All’improvviso, una pattuglia di soldati russi sbuca da una curva del sentiero. Lo circondano, ridono tra loro, lo interrogano. «Qual è la tua religione?» chiede uno di loro. Il ragazzo alza il capo: «Sono cattolico», risponde con voce ferma. L’ufficiale aggrotta le sopracciglia. Odia il cattolicesimo. Ordina al ragazzo di rinnegare la sua fede. Il piccolo pastore rifiuta, fa più volte il segno della Croce, lentamente, con la serietà di chi ne conosce il valore.


La collera esplode. «Se non rinunci alla tua fede cattolica, ti fuciliamo.» Viene condotto lungo una siepe, legato a un albero. I soldati indietreggiano di qualche passo, imbracciano i fucili e prendono la mira. Il ragazzo impallidisce, ma i suoi occhi restano calmi. Mormora un’ultima preghiera davanti alle armi puntate contro il suo petto.


D’un tratto, il capo alza la mano. «Abbassate le armi. Questo cattivo ragazzo non vale la polvere che stiamo per sprecare. Lo impiccheremo, se non rinuncia alla sua fede.» Lo slegano, lo trascinano verso una grande quercia. Una corda scivola attorno al suo collo. «Vuoi finalmente abiurare la tua religione?» domanda l’ufficiale. Il figlio della Polonia cattolica resta in silenzio, poi scuote lentamente il capo. «Mai», risponde il bambino, «mai abbandonerò la religione di mia madre.»


Un soldato, salito sull’albero, fissa la corda a un grosso ramo. Due altri sollevano il bambino per lasciarlo ricadere nel nodo che deve strangolarlo. Ancora una volta, l’ufficiale interviene, imprecando con rabbia: «Questo piccolo miserabile non vale neppure la corda per impiccarlo. È nuova! È più semplice annegare.»

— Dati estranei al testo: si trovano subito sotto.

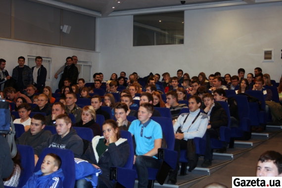 В зале аншлаг. Сидят болельщики, в основном молодые люди, есть и дети школьного возраста. Почти у всех – динамовская атрибутика. На столе – стопка клубных журналов с фотографией Реброва на обложке, мяч с автографами, пару фломастеров, бутылка минералки. В ожидании тренера, который застрял в пробках, присутствующие под руководством ведущего мероприятия, спортивного журналиста Александра Липенко репетируют строчку из фанатской считалки "наш герой – Сергей Ребров".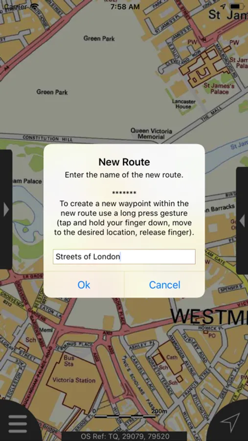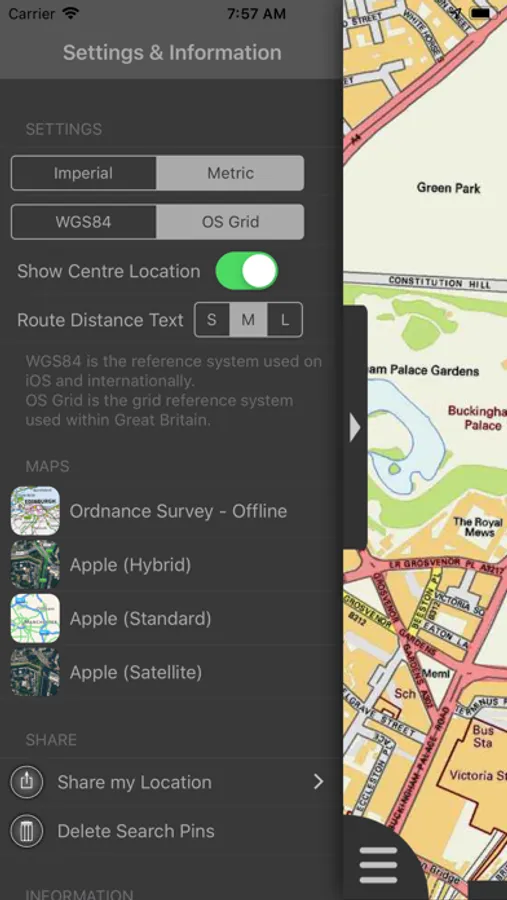 - Display of current GPS position as OS Grid Reference or WGS84 latitude and longitude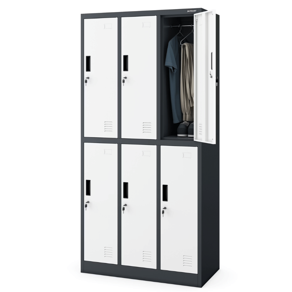 DELUKE Umkleideschrank Spind TOKIO - 6 Abteile, Etikettenhalter | Umkleidespind Schließfachschrank Garderobenspind, 185x90x45cm Anthrazit-Weiß

Si scioglie la povera vittima. La truppa feroce si dirige, ridendo, verso uno stagno ghiacciato, a un centinaio di metri. Il cielo è cupo, la pianura bianca, il vento taglia il volto. Giunti sulla riva, due soldati avanzano sul ghiaccio, colpiscono con l’ascia fino ad aprire un foro nero nel mezzo della superficie gelata. Strappano i vestiti al piccolo pastore e lo spingono nudo nell’acqua gelida. Ben presto, solo la sua testa emerge tra i lastroni di ghiaccio.


Allora il capo, seguito da due uomini, avanza a sua volta sullo stagno, fermandosi a pochi passi dal bambino. «Ebbene, piccolo scellerato», dice con un riso satanico, «rifiuterai ancora di rinnegare la tua religione?»


La notte comincia a scendere sui campi. Il volto del ragazzo è segnato dal gelo, le sue labbra tremano, le sue mani sono quasi rigide. Eppure i suoi occhi brillano di una speranza celeste. Senza rispondere all’ufficiale, alza lo sguardo al Cielo, poi, raccogliendo le sue forze, solleva sopra l’acqua il braccio mezzo congelato e traccia, per l’ultima volta, su di sé il segno della Croce che sua madre gli ha insegnato.


In quell’istante preciso, uno schianto rompe il silenzio. Il ghiaccio, indebolito dai colpi d’ascia e appesantito dal peso di tre uomini, cede di colpo. Il capo e i suoi due complici sono inghiottiti dall’acqua nera e gelida. Lo stagno si richiude su di loro. Sulla superficie spezzata del ghiaccio resta solo un vortice, poi il silenzio. L’anima del piccolo martire ha già lasciato le nevi della Polonia per volare verso il Paradiso.